Pan-fried sunfish with cornmeal crust is a classic American Southern dish featuring firm, white sunfish fillets coated in a seasoned cornmeal batter and pan-fried until golden and crispy. It typically uses fresh sunfish, cornmeal, flour, and spices like paprika or cayenne, often served with lemon wedges or tartar sauce. This preparation is especially popular in the Midwest and Southern United States, where sunfish are abundant in lakes and ponds.

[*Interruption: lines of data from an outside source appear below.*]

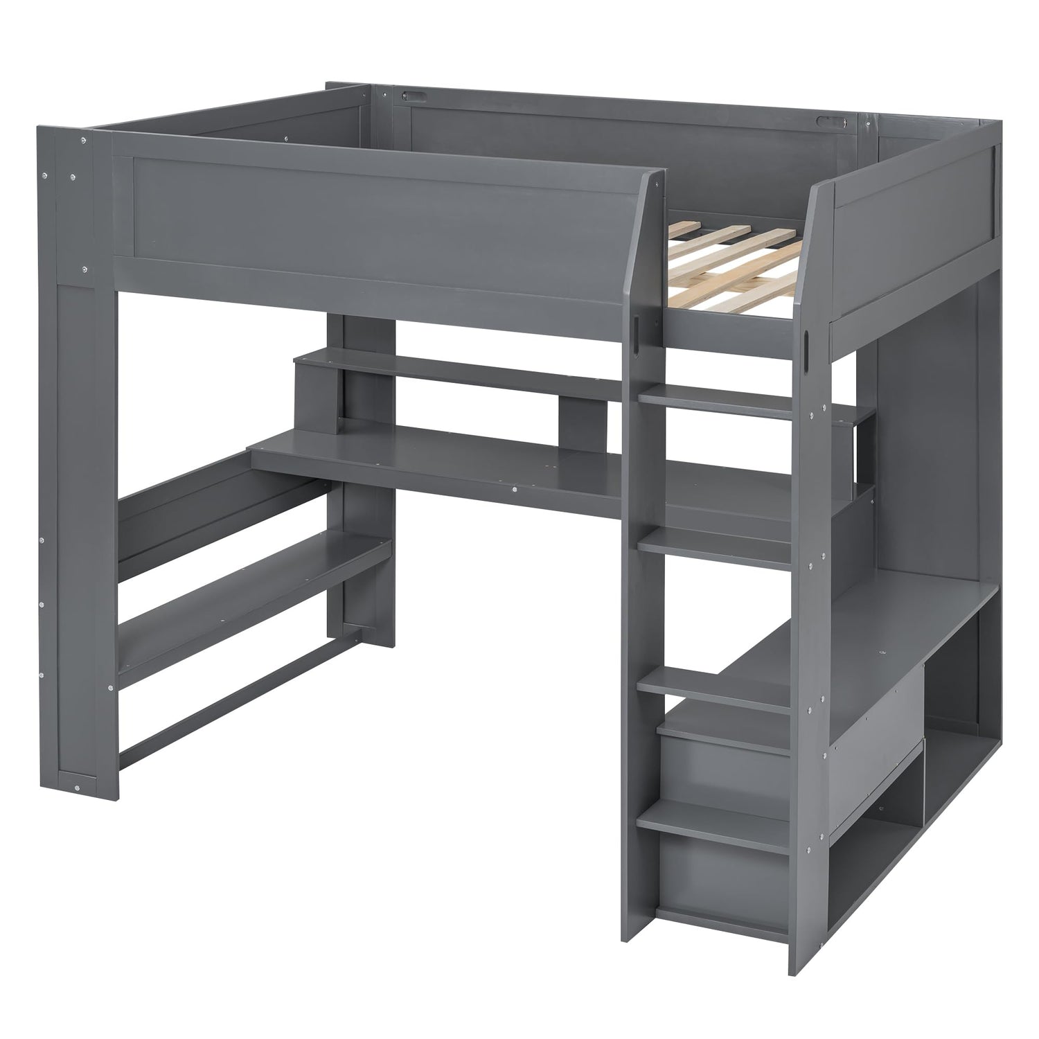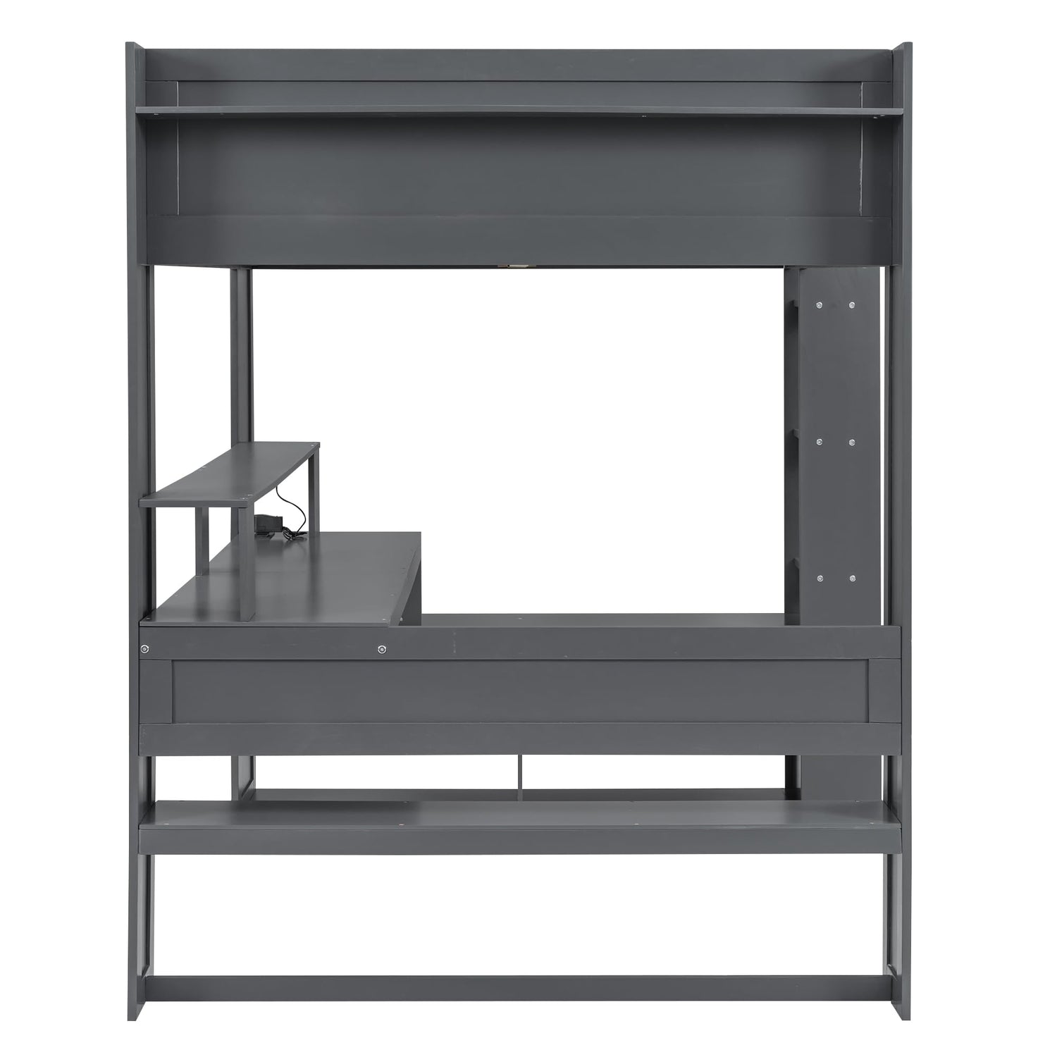 HZXINKEDZSW Full Size Wood Gaming Loft Bed with Desk, Storage Shelves, LED Lights, and Charging Station in Grey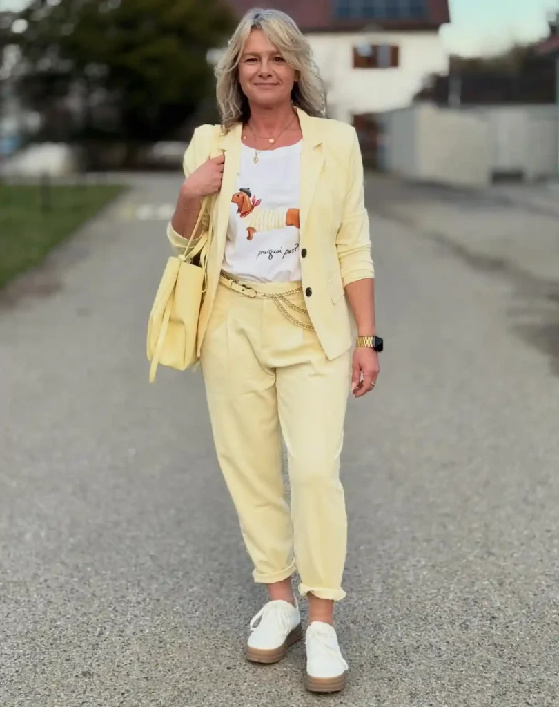 This outfit feels fresh and playful without trying too hard. The soft yellow suit brings color in a calm way, while the graphic tee keeps it relaxed and modern.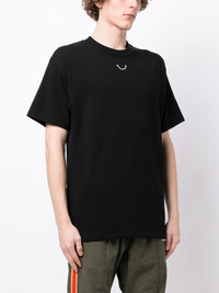 logo-print cotton T-shirt Highlights - Black - Cotton - Graphic print to the front - Logo print to the rear - Drop shoulder - Short sleeves - Straight hem Imported Composition Body: Cotton 100% SIZE & FIT Model measurements Height 6 ft 2 in(1.87 m) Bust/Chest 36.22 in(92 cm) Hips 37.79 in(96 cm) Waist 28.34 in(72 cm) Measurement CHEST 40.15 in(102 cm) SLEEVE LENGTH 16.92 in(43 cm) Shoulder Width 19.68 in(50 cm) FittingInformation Designed for a regular fit allowing for a comfortably loose fit throughout the body Made from a midweight non-stretch fabric, this piece offers minimal elasticity when worn This piece fits large – take one size down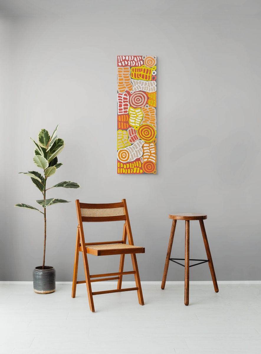 The bold linear pattern of stripes and curves throughout Dora’s painting illustrates the Awelye. After smearing their bodies with animal fat, the women trace these designs onto their breasts, arms and thighs, singing as each woman takes her turn to be ‘painted-up’. Their songs relate to the dreamtime stories of ancestral travel, dance and other totemic plants, animals and natural forces. Awelye demonstrates respect for the land. In performing these ceremonies they ensure well-being and happiness within their communities. The concentric circles underneath this painting represent the waterholes. The small circles depict the Anemangkerr.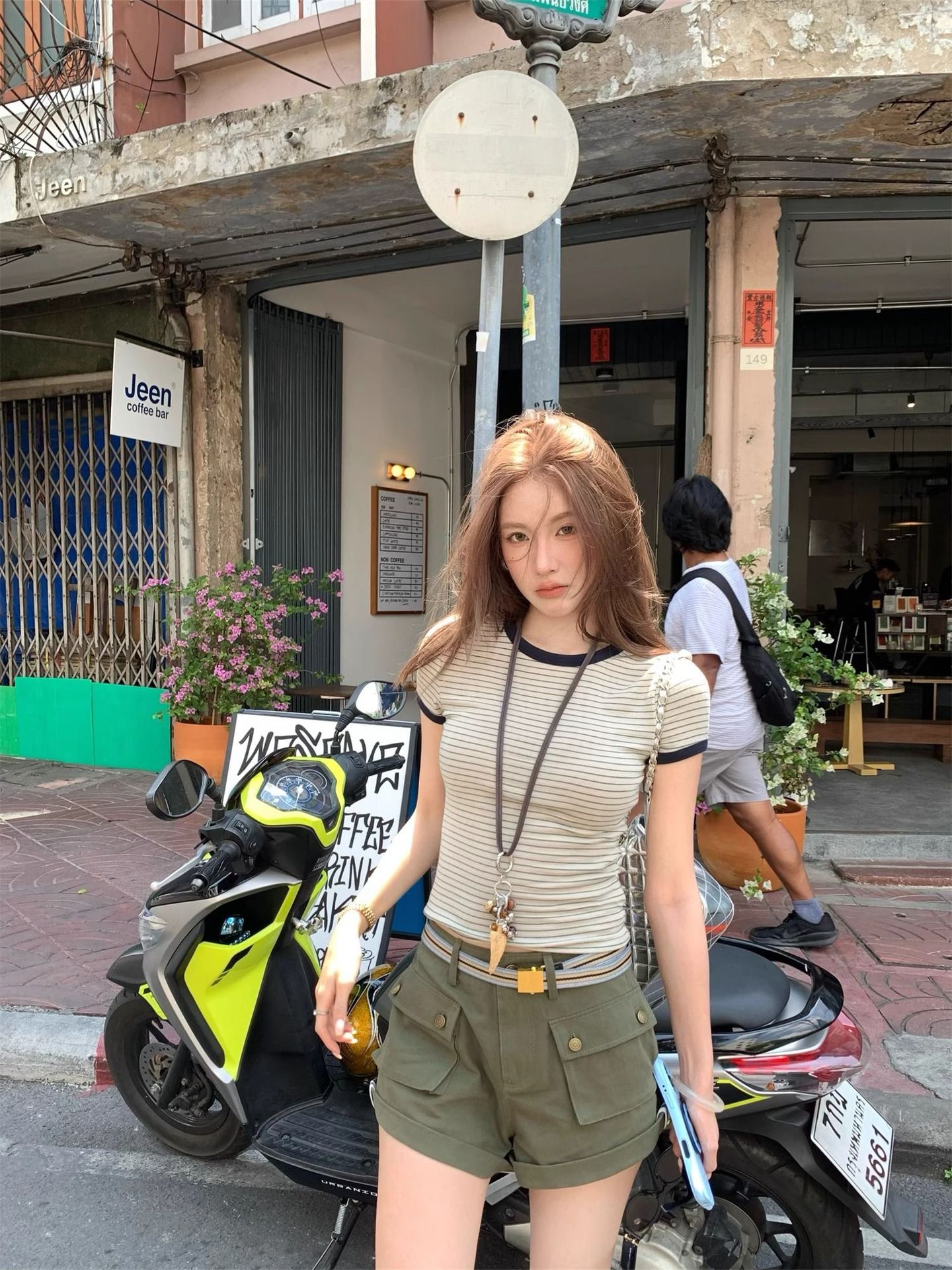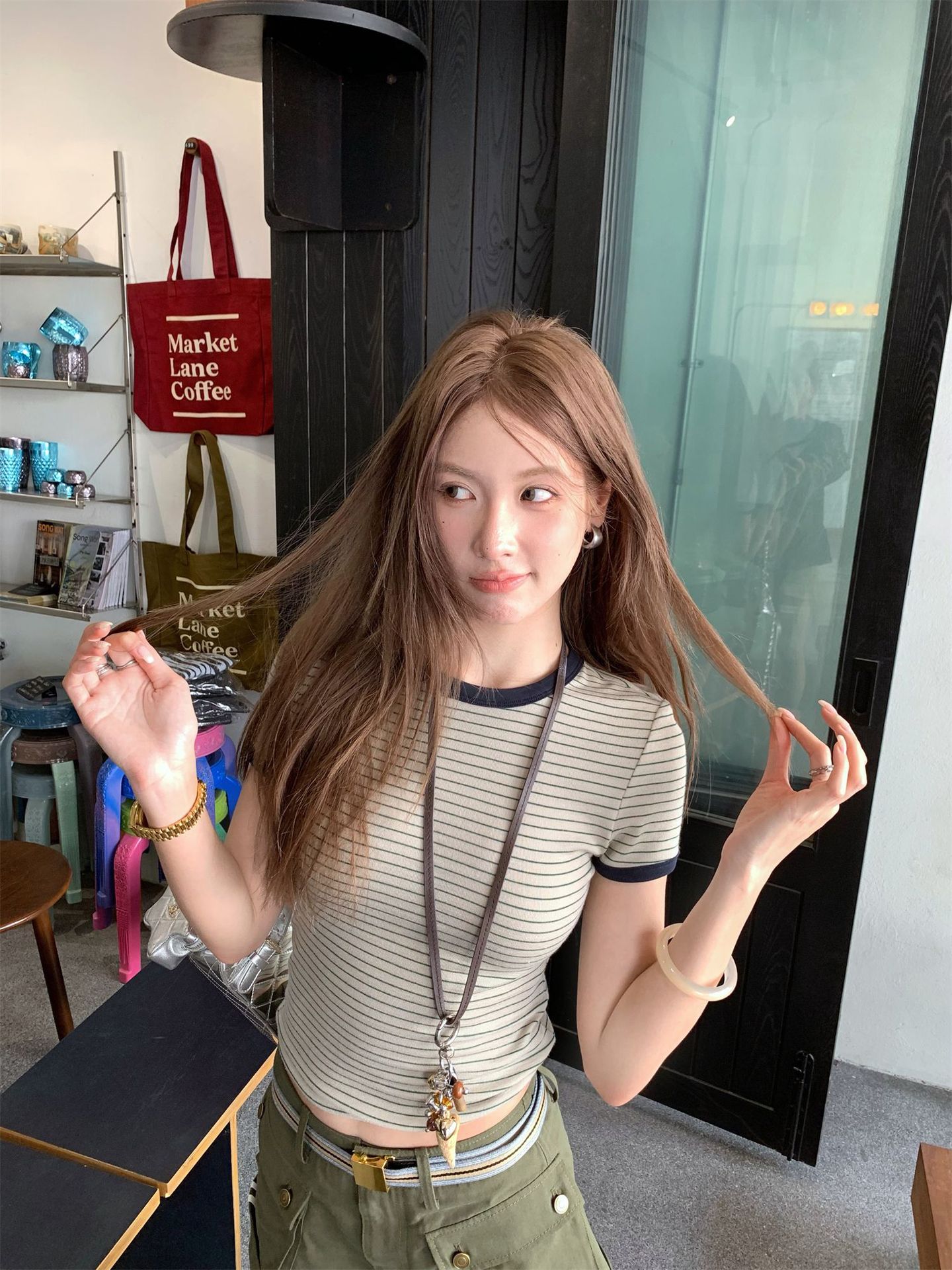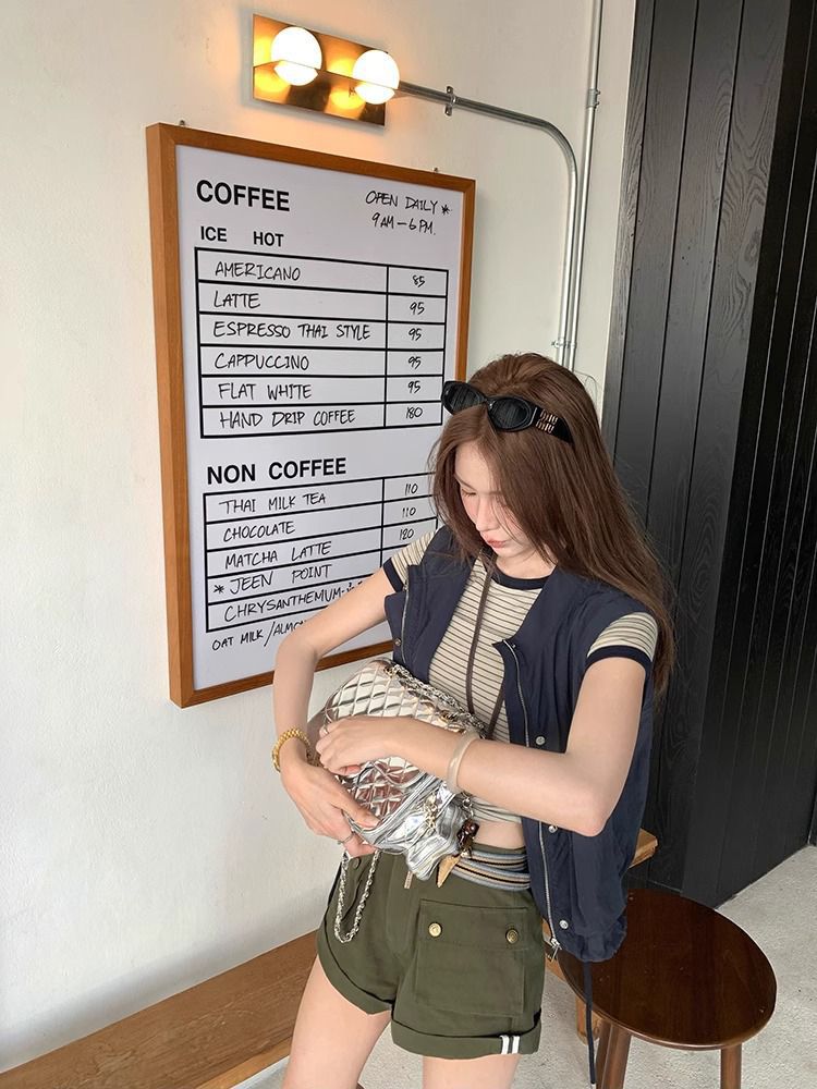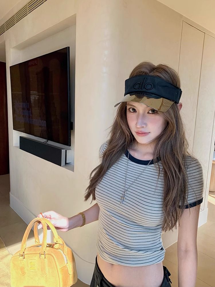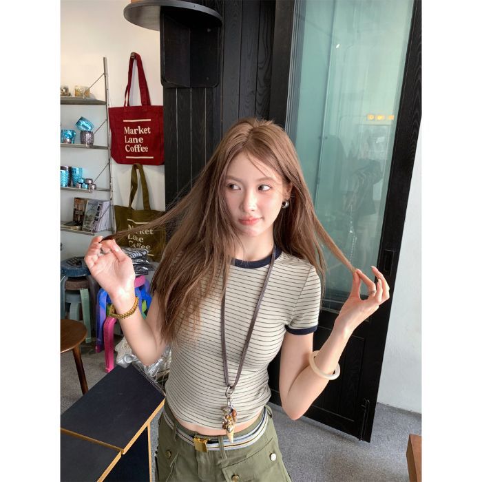 Главная страница > [Готовый заводской запас] Летняя дизайнерская футболка с контрастными горизонтальными полосками, женская футболка с короткими рукавами и круглым вырезом, топ для похудения на правое плечо и талию

This dish is high in protein from the sunfish and moderate in fat from the frying oil, with a small amount of carbohydrates from the cornmeal crust. It provides key nutrients like omega-3 fatty acids, vitamin B12, and selenium, with a rough calorie estimate of 300-350 kcal per serving.
| Calories | 320 kcal |
| Protein | 28 g |
| Carbs | 12 g |
| Fat | 18 g |
| Fiber | 1 g |
| Sugar | 0 g |
| Sodium | 450 mg |
| Vitamin B12 | 2.5 mcg |
| Selenium | 30 mcg |
| Phosphorus | 250 mg |
| Niacin (B3) | 4 mg |
| Omega-3 fatty acids | 0.5 g |
| Potassium | 350 mg |
| Vitamin D | 1.5 mcg |
| Magnesium | 30 mg |
Per 1 fillet (150 g) · estimated, varies by recipe
Sunfish are one of the most sustainable freshwater fish in North America, often caught by recreational anglers, making this dish a celebration of local, accessible ingredients. The cornmeal crust not only adds a satisfying crunch but also enhances the dish's rustic, home-cooked appeal, tying it to traditions of using simple, pantry staples in regional cooking.